Odette Fada: Cold roast lamb with cauliflower and anchovy salad
Jennifer Jasinski: Orange-ginger marinated skirt steak with pickled cabbage and fried ginger
Douglas Keane: Kombu-cured scallop with hon-shimeji mushroom tsukemono
Neal Fraser: Pork meatball with cavolo nero, faro, and pickled fresno chiles
Richard Sandoval: Beef tiradito with cauliflower, apples, and salmon with aji Amarillo beurre blanc
Odette’s lamb was "surprisingly delicious," according to Simmons, but they didn’t care for Douglas’ dish, even though they were impressed by what he was able to accomplish. Richard’s dishes were a bit of a mishmash, and the beef was undercooked (the chimichurri was the best part). Neal’s meatball wowed just about everyone, and the size of Jennifer’s skirt steak was a bit of a turnoff, even though they liked the fried ginger.
Bryan, Neal, and Odette were all called into see the critics, and they were told that their dishes were the critics’ favorites. Odette won the challenge (and $10,000 for Doctors Without Borders), confirming that cold lamb chops can still be delicious.
David, Herb, and Richard were on the bottom, and were given the opportunity to defend themselves. Richard’s meat was almost raw and the two proteins worked against him. David was OK with the ingredients, but the shrimp was overpowering (even though they were impressed that he deveined 40 shrimp with a butter knife). And as for Herb, well, he didn’t get the main protein on the plate.

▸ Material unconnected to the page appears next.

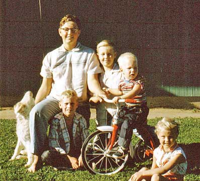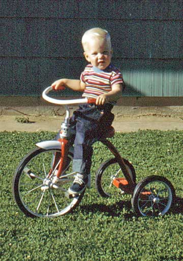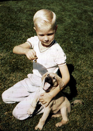 Scott was visibly pleased to have this new tricycle for, I think, his second birthday in 1956. In the back yard in Sunset, all we cousins gathered around him on it. Left, clockwise from cousin-dog Boots on the left: me,
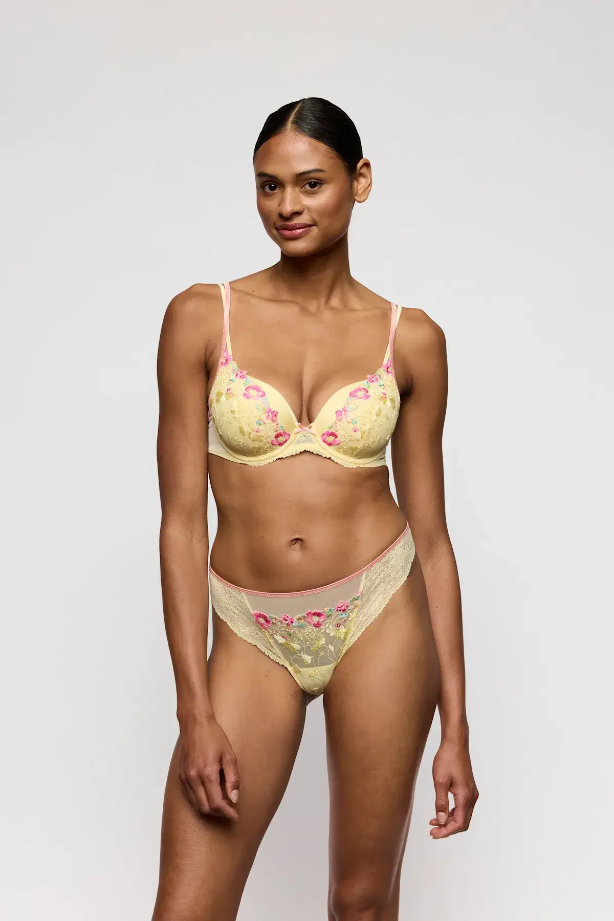 Deze comfortabele, flatterende string van Marie Jo heeft niet alleen een perfecte pasvorm, maar doet ook denken aan een zalig lentezonnetje waar u onmiddellijk goed gezind van wordt! De snit zorgt voor een vrouwelijke en romantische look waarbij de billen met kant worden omhuld.

In the end, Herb got the boot. The fact that he didn’t get his oysters on the plate did him in, because this early in the competition you can skate by even if what you serve isn’t a showstopper. If you leave the main protein off of the plate, well, that’s a dealbreaker.
With episode one all said and done, it’s pretty obvious that this season is really anyone’s game. These early episodes don’t provide much in the way of character development yet, but it’s fun to see this hodgepodge of chefs at the top of their game begin to navigate what’s sure to be a minefield.